Question

if n is a positive integer, generalize the binomial coefficient ( p ) for arbitrary n by setting:
n

( p ) = ( p(p-1)....(p-n+1) ) / k!
n

put ( p ) = 1
0

a)show that sum ( p ) x^n converges for abs(x) <1
n
b) show that (1+x)f'(x) -pf(x) =0

c) Deduce from b) that f(x) = 1+x)^p for abs x <1

Answer 1

\[\binom pn=\frac{p(p-1)\cdots(p-n+1)}{n!}~~?\]

Answer 2

The first question is to show that
\[\large\sum_{n=0}^p\binom pnx^n~~\text{converges for }|x|<1\]
which looks like a perfect candidate for the ratio test.

The second question is a differential equation - a separable one.

The third question could involve an application of the binomial theorem.

Answer 3

@ssoleman got it? Or would you like some more in-depth help?

Answer 4

@SithsAndGiggles sorry the site was down... its /k! not n! though...

Answer 5

and do you just use the equation (p(p-1)...p-n+1 ) /k! to do the ratio test?

Answer 6

I think the proff made a mistake and its n!

Answer 7

Right, it has to be \(n\). There's no info about \(k\).

First part: Ratio test:
\[\begin{align*}\lim_{n\to\infty}\left|\frac{\dbinom p{n+1}x^{n+1}}{\dbinom pnx^n}\right|&=\lim_{n\to\infty}\left|\frac{\dfrac{p!}{(n+1)!(p-n-1)!}x^{n+1}}{\dfrac{p!}{n!(p-n)!}x^n}\right|\\\\
&=\lim_{n\to\infty}\left|\frac{1}{(n+1)(p-n-1)}x\right|\\\\
&=|x|\lim_{n\to\infty}\left|\frac{1}{(n+1)(p-n-1)}\right|\\\\
&=0\end{align*}\]
Hmm, looks like the series converges for all \(x\)... Do I have the indices on the series right?

Answer 8

yes thats right! I did that too for the first part

Answer 9

now for b) we have to differentiate...but what do you mean by a seperable one?

Answer 10

and i also dont understand how to show (1+x)f'(x) - pf(x) = 0 ... what is the -p(fx)??

Answer 11

A separable differential equation is of the form
\[A(x,y)\frac{dy}{dx}=B(x,y)\]
which can be "separated" so that you can express the equation as a product of functions of different independent variables \(x\) and \(y\):
\[a(x)b(y)\frac{dy}{dx}=\alpha(x)\beta(y)\]
so that you can rewrite it as separate differentials:
\[\frac{b(y)}{\beta(y)}~dy=\frac{\alpha(x)}{a(x)}~dx\]
This allows you to integrate with respect to a single variable on both sides.

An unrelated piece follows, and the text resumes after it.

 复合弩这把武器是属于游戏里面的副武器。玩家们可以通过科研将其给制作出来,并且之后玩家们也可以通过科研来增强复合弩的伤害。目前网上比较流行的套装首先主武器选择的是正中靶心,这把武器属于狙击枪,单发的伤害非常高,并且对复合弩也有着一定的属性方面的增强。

You are given the differential equation
\[(1+x)f'(x)-pf(x)=0\]
Rewriting, you have
\[\begin{align*}
(1+x)f'(x)-pf(x)&=0\\
(1+x)f'(x)&=pf(x)\\
\frac{f'(x)}{f(x)}&=\frac{p}{1+x}\\
\frac{1}{f(x)}\frac{df(x)}{dx}&=\frac{p}{1+x}&\text{(another notation for derivative)}\\
\frac{1}{f(x)}~df(x)&=\frac{p}{1+x}~dx\\
\int\frac{1}{f(x)}~df(x)&=\int\frac{p}{1+x}~dx\\
\ln f(x)&=p\ln(1+x)+C\\
f(x)&=e^{p\ln(1+x)+C}\\
f(x)&=(e^{\ln(1+x)})^pe^C\\
f(x)&=C(1+x)^p\end{align*}\]
Let me know if any of this doesn't make sense. Differential equations can be a lot to handle if this is your first time dealing with them.

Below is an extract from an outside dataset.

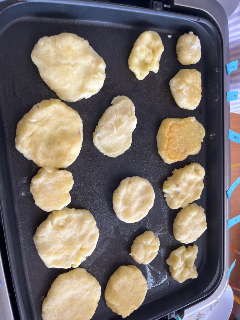 今回はそのじゃがいもを使って、クッキングをしました。今回は子どもたちの好きな【いももち】を作ることにしました。ほくほくになったジャガイモをつぶし、その後、片栗粉や塩を加えて、自分で好きな形を作りました。おもったより、練ったじゃがいもが手に付き戸惑いを見せる場面もありましたが、『自分で作る』ということを楽しんでいました。

In solving the equation, you've established what you need to show for part (c).

Answer 12

So what will part (c) look like?

Answer 13

Part (c) seems to have at least two effective approaches. One is solving the differential equation above, and the other is an application of the binomial theorem.
\[\large\sum_{n=0}^p\binom pna^nb^{p-n}=(a+b)^n\]\
Setting \(a=x\) and \(b=1\), you have
\[\large\sum_{n=0}^p\binom pna^n1^{p-n}=\sum_{n=0}^p\binom pna^n=(x+1)^n\]\
Part (b) is a matter of deriving the differential equation, which isn't too difficult. It's a matter of differentiating the the given power series and algebraic rearrangements.